Here's my way of thinking about it. Without refactoring, software gains entropy over time. Ongoing refactoring reduces the added entropy, so the code remains clear, elegant, and maintainable as it evolves.
I have this weird vision of OO systems having energy states. Imagine a grid where each (x,y) point is a class and the z-value is the number of methods on the class, or the number of statements per method. Would we expect well-factored systems to have less average height and a smoother terrain? I have this feeling that under some conception there are refactorings that make a graph "hug the ground." --MichaelFeathers
I like this analogy, though like you I'm not sure I believe it. At least not always.
Very interesting energy theory, think of it as compression - You have this code A here and this almost the same code B here stored at separate places in a tree structure. Since they share a lot of common things they can simply be moved around in the tree structure (your main program is just links to code A and B, these links change accordingly) and be replaced with branch C which have small leafs called a and b (your main program would have links to C, leaf a and leaf b now). We have now lowered the energy needed to transmit the whole tree over some kind of link since it occupies less space in total (we do not need to transmit as much bytes). Still the real valuable energy in the tree is preserved. Repeat this procedure until nothing more can be compressed. You end up with everything being random noise, which is pure energy and also the smallest (simplest?) possible representation of your program. -- AndersHedberg
To provide the discussion with a 'why', one reason to refactor is time. I was once on a project where we had about twenty components. Each of them had lots of duplicate code. We had a urge to reduce it to save us the time and it took to make a change and duplicate and test the tedious effort across all twenty components.

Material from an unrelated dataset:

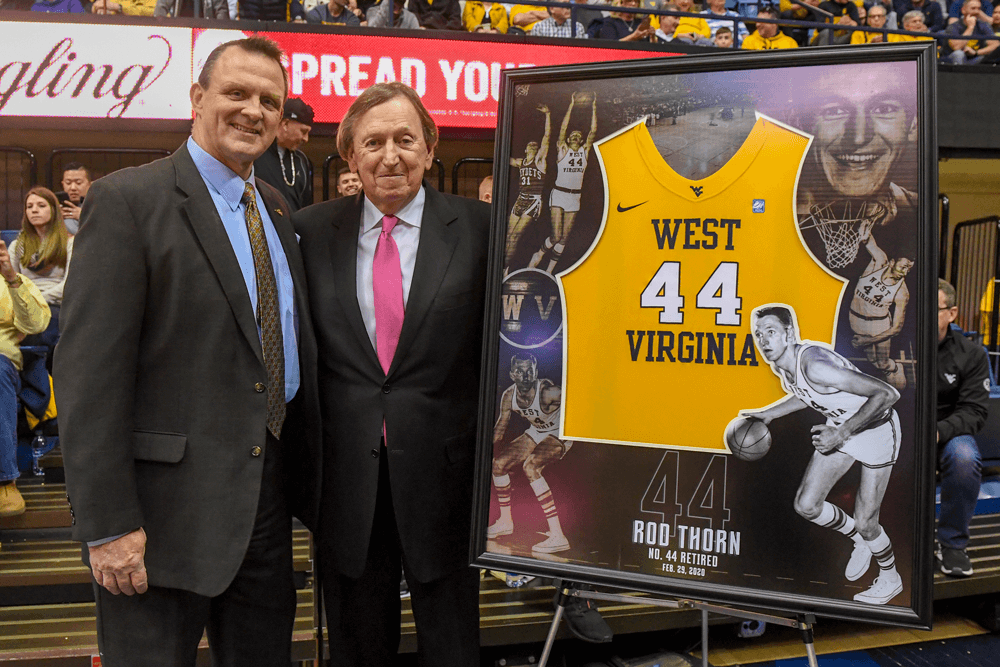 Feb. 29, 2020 – All-America guard Rod Thorn had his jersey No. 44 officially retired prior to West Virginia’s Big 12 men’s basketball game against Oklahoma.

We refactored it to the best of our ability, but some of it was un-refactorable - in the context of consolidating duplicate code into a single maintainable base - for purely technical reasons. Every developer who came on board seemed to have the urge to refactor it more. At one point we just created a white paper that described why we made the refactoring decisions we made, and handed it to them when they got that 'look'.
In this case, our 'why' had partly to do with elegance, and mostly to do with saving precious time. -- PhilipEskelin
Here's an (amusing) example of why it's important to refactor when changing or extending class hierarchies to ensure that responsibilities are implemented OnceAndOnlyOnce in the appropriate part of the class hierarchy:
I think that one of the better justifications for refactoring comes from Complexity Science. By refactoring we effectively control chaos, which otherwise sooner or later eats up the system. Refactoring, just like Design 'Patterns' introduces symmetries and brevity - humans' main tool for dealing with complexity. -- Alex Iskold
To complement - not contradict - the above discussion, we also refactor to retain the intelligibility of our designs, so that we can continue to develop them as required. A design which is no longer intelligible is no longer viable - the only options are refactoring, redesign or a freeze on all future development, as appropriate. -- SteveMerrick
An explanation that has stuck with me since my first conversation with a good friend about ExtremeProgramming was this: When you find that you have code that you need to change, and it is hard to do it, there is a large 'Vector of Change'. By refactoring (and using UnitTests to make sure that the refactored code is equivalent), you can reduce the vector of change to the point where implementing the change is trivial.
This is similar to the above energy state metaphor, but introduces something that isn't made clear (but could be implied from) the energy metaphor : When you refactor code to facilitate implementing a change, you make it easier to make a similar change in the future.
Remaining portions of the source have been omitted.